Participant recruitment and sampling
Purposive sampling included users and volunteers from both formal and informal food aid settings, with a focus on non-referral, community-led services to capture under-documented experiences (Sedgwick, Reference Sedgwick2013).
Nineteen participants were recruited: nine food bank users and ten volunteers. The final sample size was guided by principles of data saturation and information power rather than a predetermined numerical target. Recruitment continued until no substantially new themes or insights were emerging across interviews and sufficient depth had been achieved to address the study aims. The focused research question, inclusion of two analytically relevant participant groups, and use of in-depth semi-structured interviews contributed to high information power, supporting the adequacy of the sample size.

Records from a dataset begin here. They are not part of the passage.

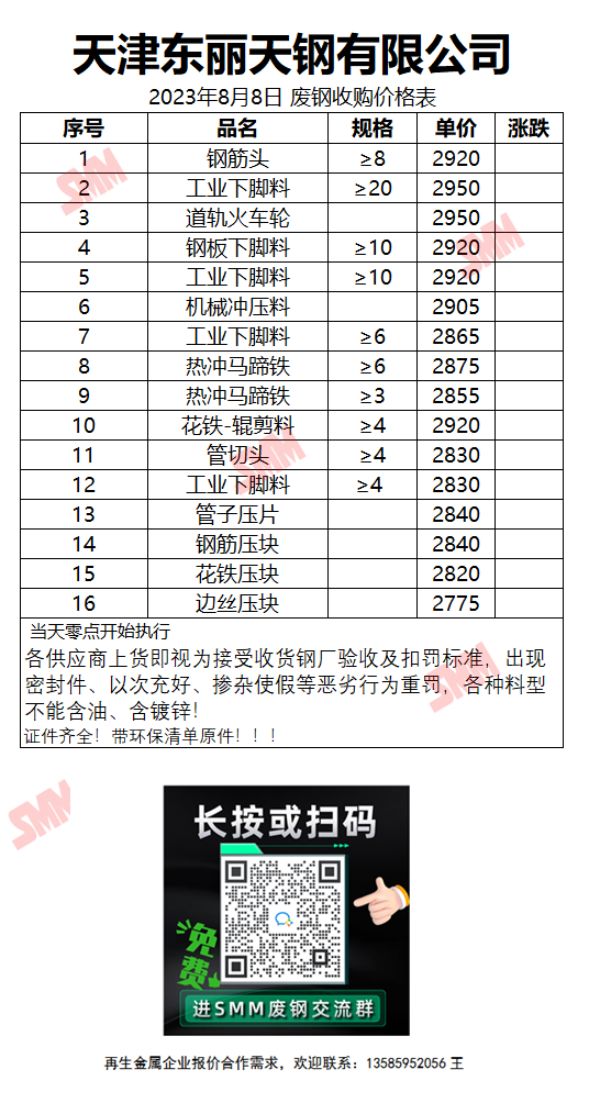 今日天津东丽天钢 废钢收购报价已更新,有货的朋友欢迎联系我们!
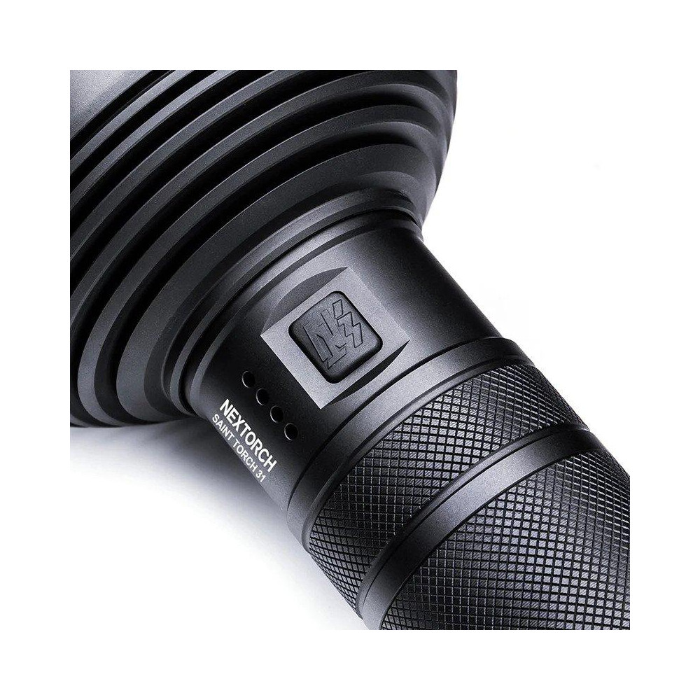 Nextorch Saint Torch 31 è una torcia ad alte prestazioni che utilizza colori bianco neutro con una potenza incredibilmente elevata di 20.000 lumen e una portata fino a 740 m . La batteria ad alta capacità si ricarica completamente in 3 ore utilizzando un caricabatterie universale USB-C; il livello di carica della batteria è indicato da 4 LED vicino al pulsante di accensione. La torcia può anche essere utilizzata come power bank impermeabile per un telefono cellulare o un tablet. Saint Torch 31 può essere comodamente trasportata su lunghe distanze o trasportata in una pratica borsa grazie alla tracolla.
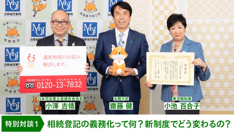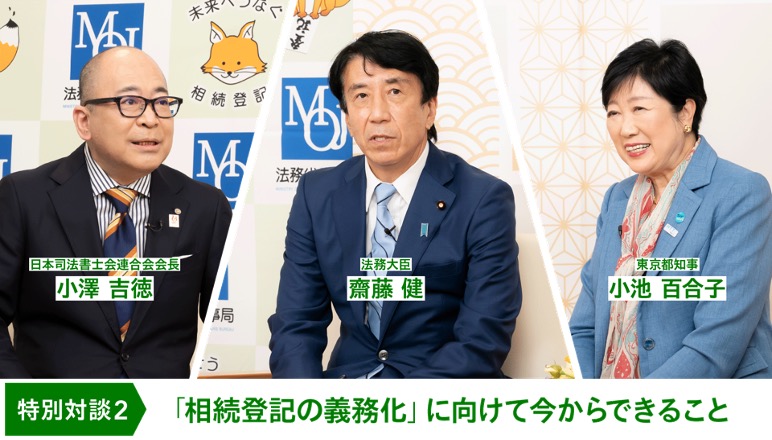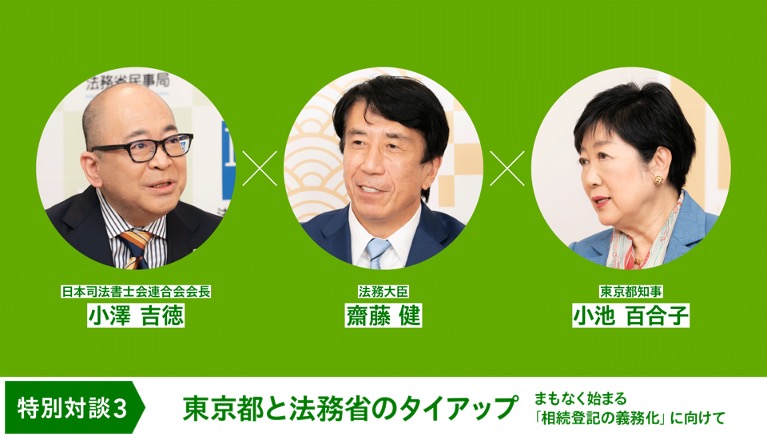 小池東京都知事が、斎藤健法務大臣と日本司法書士会連合会会長の小澤吉徳氏と「相続登記の義務化」をテーマに対談を行いました。
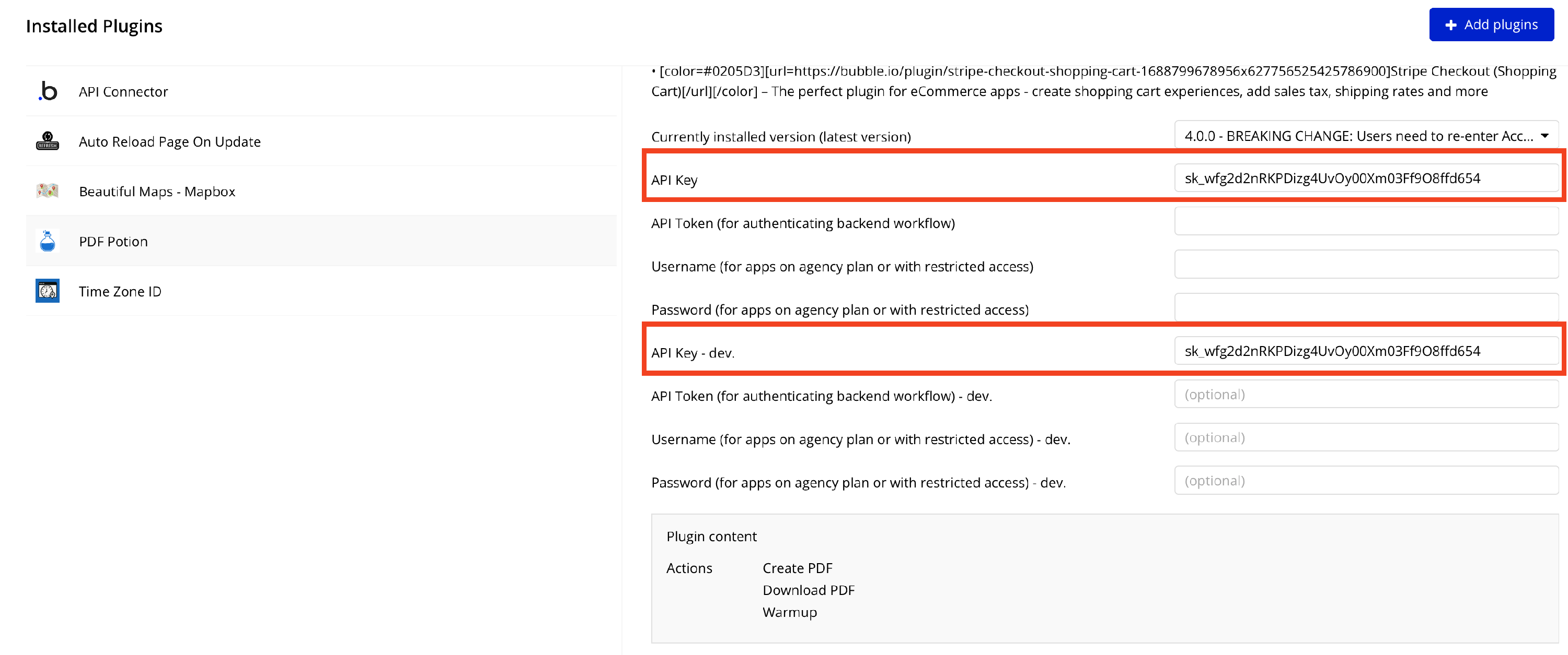 Copy and paste this access token into the 'API Key' and 'API Key - dev.' fields in the 'Plugins' tab:
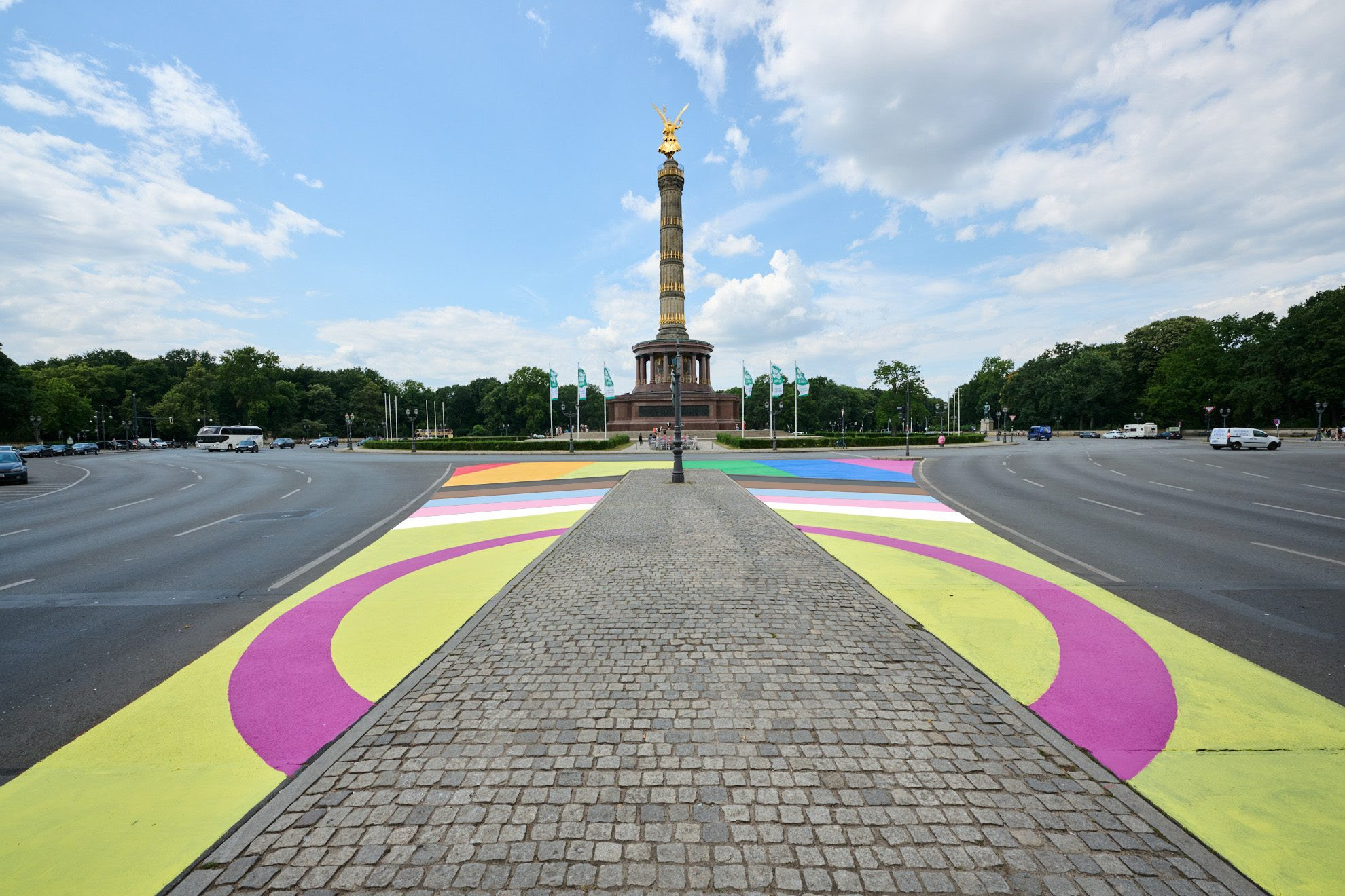 Passend zum anstehenden Christopher Street Day (CSD) gestaltet Kulturprojekte Berlin mit Unterstützung des Bezirksamts Mitte eine Progress Pride Flag rund um die Siegessäule. Dieses Motiv erweitert die "klassischen" Regenbogen-Farben um weitere Töne, um explizit queere People of Color und trans Menschen mit einzuschließen. "Wir sind dankbar, dass wir an so einem markanten Ort erneut das so wichtige Zeichen für Vielfalt und Toleranz und damit die kulturelle Vielfalt in Berlin setzen können", sagt Moritz von Dülmen, Geschäftsführer von Kulturprojekte Berlin, in einer Mitteilung.
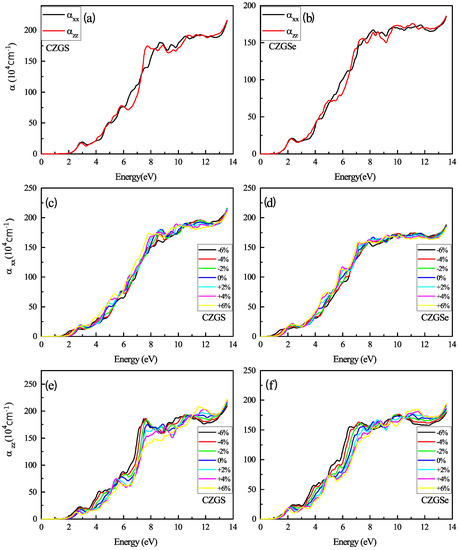The variation of the absorption coefficient spectra as a function of the incident photon energy for both materials CZGS and CZGSe: (a,b) are the unstrained cases, (c–f) are the strained cases. and are the absorption coefficients for light polarization along XX and ZZ directions respectively.
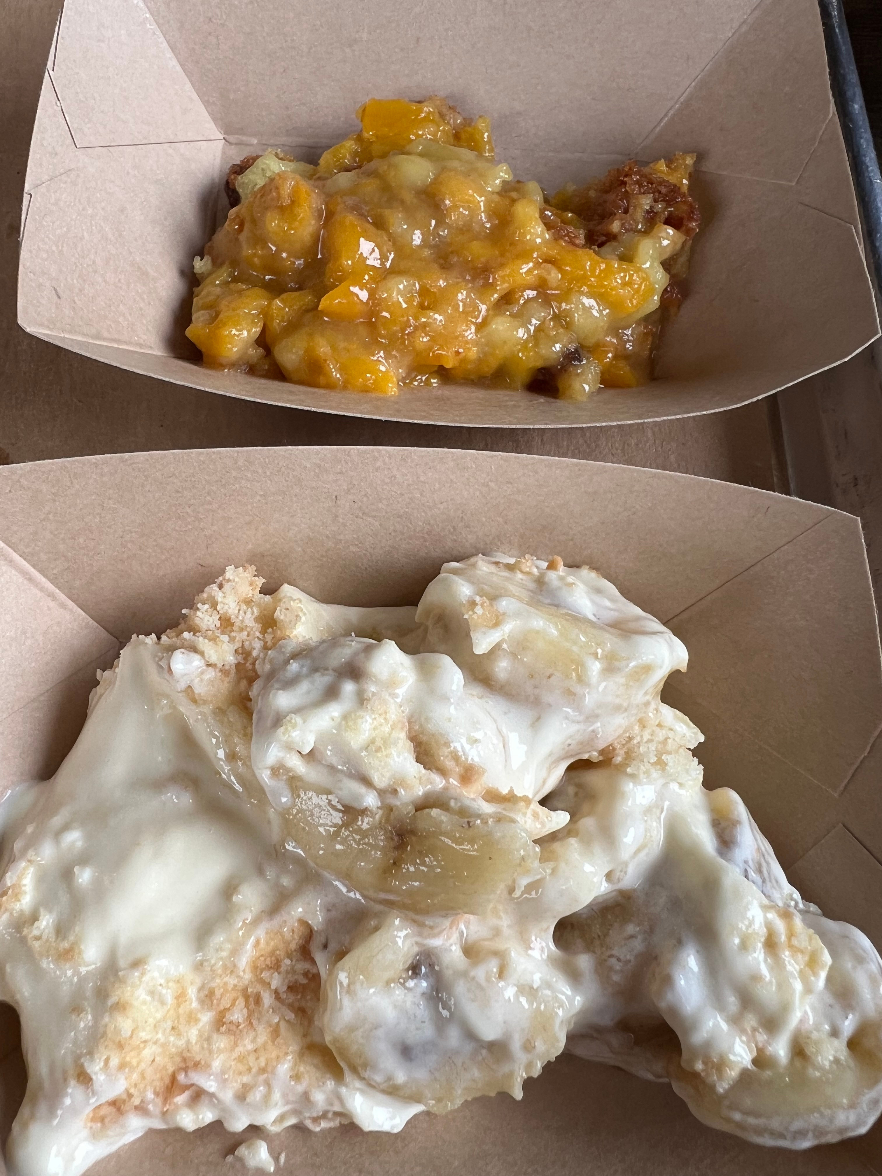 Complimentary peach cobbler and banana pudding. Not pictured: vanilla ice cream cone

Recruitment occurred via personal and professional networks, including associates of the researcher and individuals identified through LinkedIn profiles that indicated volunteer or professional roles in food banks. Additional participants were approached in person at food banks with support from on-site volunteers. Food banks also distributed study information sheets detailing the research purpose, key topics, and ethical considerations.
Three users declined to participate, without providing reasons. The researcher had prior relationships with four participants (one volunteer and three users), while other participants were previously unknown.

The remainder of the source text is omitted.